The clear effect of imposing a [continuing] duty [under these circumstances] would be to inhibit manufacturers from developing improved designs that in any way affect the safety of their products, since the manufacturer would then be subject to the onerous, and oftentimes impossible, duty of notifying each owner of the previously sold product that the new design is available for installation, despite the fact that the already sold products are, to the manufacturer’s knowledge, safe and functioning properly.
Moreover, in a case such as this, where at the time of the accident and for nine years prior thereto, the product in question was under the control of the [purchaser] and its service company, ... it is clearly more appropriate to impose a duty to insure that the product is functioning properly or to update the design of the product in the light of new technology on those parties, rather than on the manufacturer who relinquished control years ago.

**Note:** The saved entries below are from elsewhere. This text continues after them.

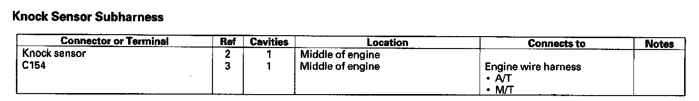 Knock Sensor Subharness: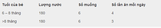 Ghi chú: số lần ăn có thể thay đổi để phù hợp với chế độ ăn dặm.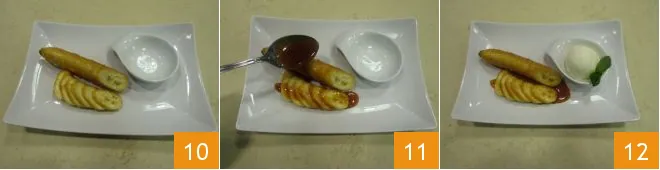 Now that the bananas are cooked, cut half a banana into slices 10 and arrange it on a dessert plate. Place the other banana alongside the sliced one and pour the caramel sauce over both 11. You can serve leaving the flambéed banana whole or cutting it, entirely or partially, into slices to place alongside each other for an elegant presentation of the fruit. You can also serve these delicious bananas flambé with a scoop of vanilla or chocolate ice cream.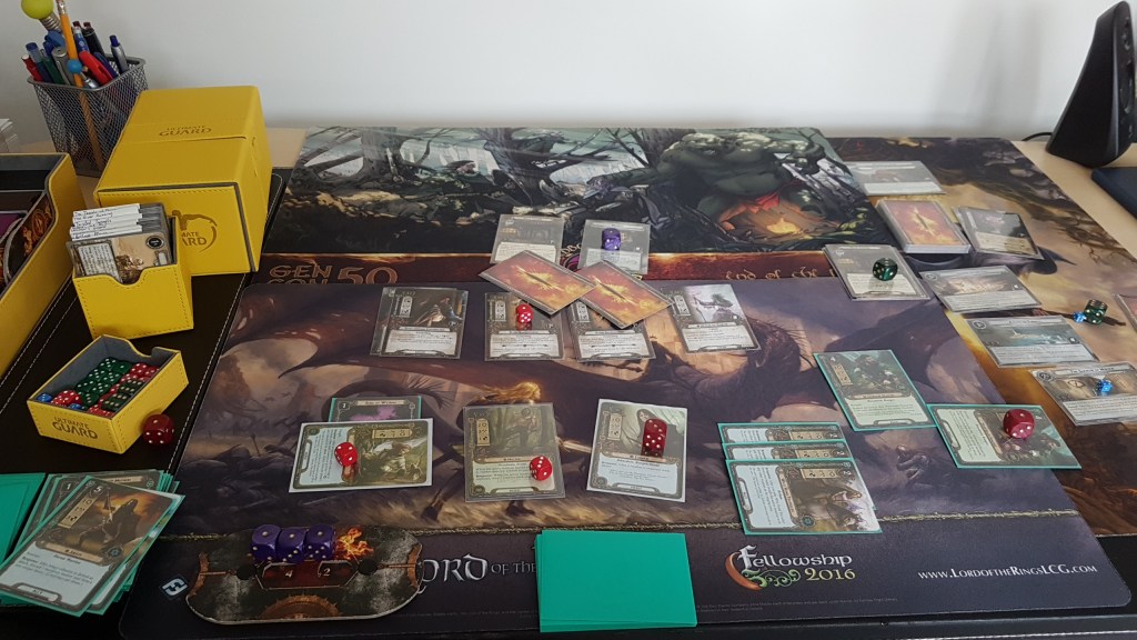 I love how this game throws in some pop-culture references here and there in titles of their cards. Much like the first quest card of the Mumakil and the entire Beneath the Sands scenario. With that said, it is the only happy memory you’ll have of this quest, because it can be a punishing one. The quest works with a timer where the enemies within are summoning the power of Mordor. Every turn (or multiple times per turn) a token will appear on a side-quest in the staging area. For every 4 tokens there, a card from the Power of Mordor encounter set gets added to the staging area. These come with additional rules, such as a lower threat elimination cost, or protection for the enemies that just engaged you. There is also a Nazgul enemy and punishment for card draw. It is vital that you work through this quest fast, before the ritual is complete and all of the Power of Mordor cards are in play, as the next ritual would mean that you lose the scenario. This puts pressure on you, and will make the quest harder as you go on. It also means that your performance depends on what Power of Mordor cards are revealed at what point in the game. If your location control is on point but Khamul the Easterling engages you, it will be a very different game than if the Tower of Barad-Dur was revealed instead.
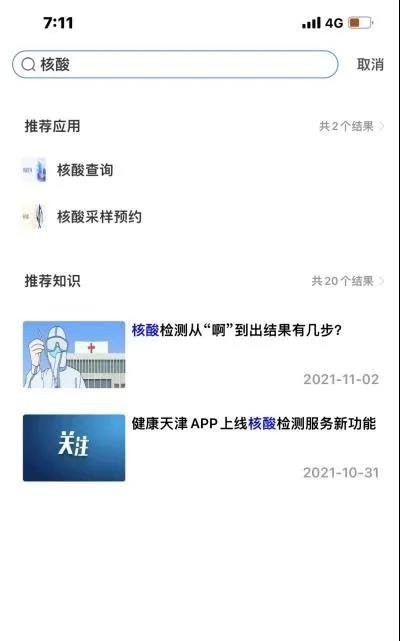 下载并打开“健康天津”App,在首页上方搜索栏中输入“核酸”,点击“核酸查询”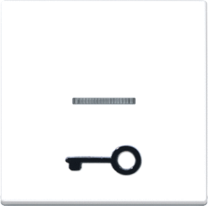 Jung A RANGE bed.element / centr.pl. schakelmat., kunststof, wit, uitvoering enkele wip, gebruik schakelaar/drukker, uitvoering oppervlakte glanzend, opdruk/indicatie symbool"sleutel/deur", controlevenster/verlicht, beschermingsgraad (IP) IP44, RAL-nummer 9016, aftastsymbool / barrièrevrij,

¶ 14 We conclude that the trial court properly granted summary judgment for appellee, correctly finding it had no legal duty to notify past customers that a new door opening device had become available. In view of this сonclusion, we need not address Wilson’s argument that the elevator was unreasonably dangerous in the absence of such notification under the consumer expectation doctrine of Readenour, or the remaining issues he raises.
¶ 15 The judgment of the trial court is affirmed.
Notes
. Wilson’s claims against Hotchkiss are not at issue here.
. We note Wilson’s specific citations are to the court of appeals’ opinion in Readenour. The supreme court subsequently modified the court of appeals decision and remanded with no mention of Rodriguez, contrary to Wilson’s assertions in his briefs, or the precise theory at issue here.
. This affidavit testimony was stricken by the trial court as conflicting with the expert’s earlier *255 deposition and appears not to have been considered. Even assuming it could be said Wilson timely raised this issue for the first time in his reply brief, we need not address it because the testimony would not affect our analysis, the opinion on dangerousness being predicated solely on the existence of the new safety device.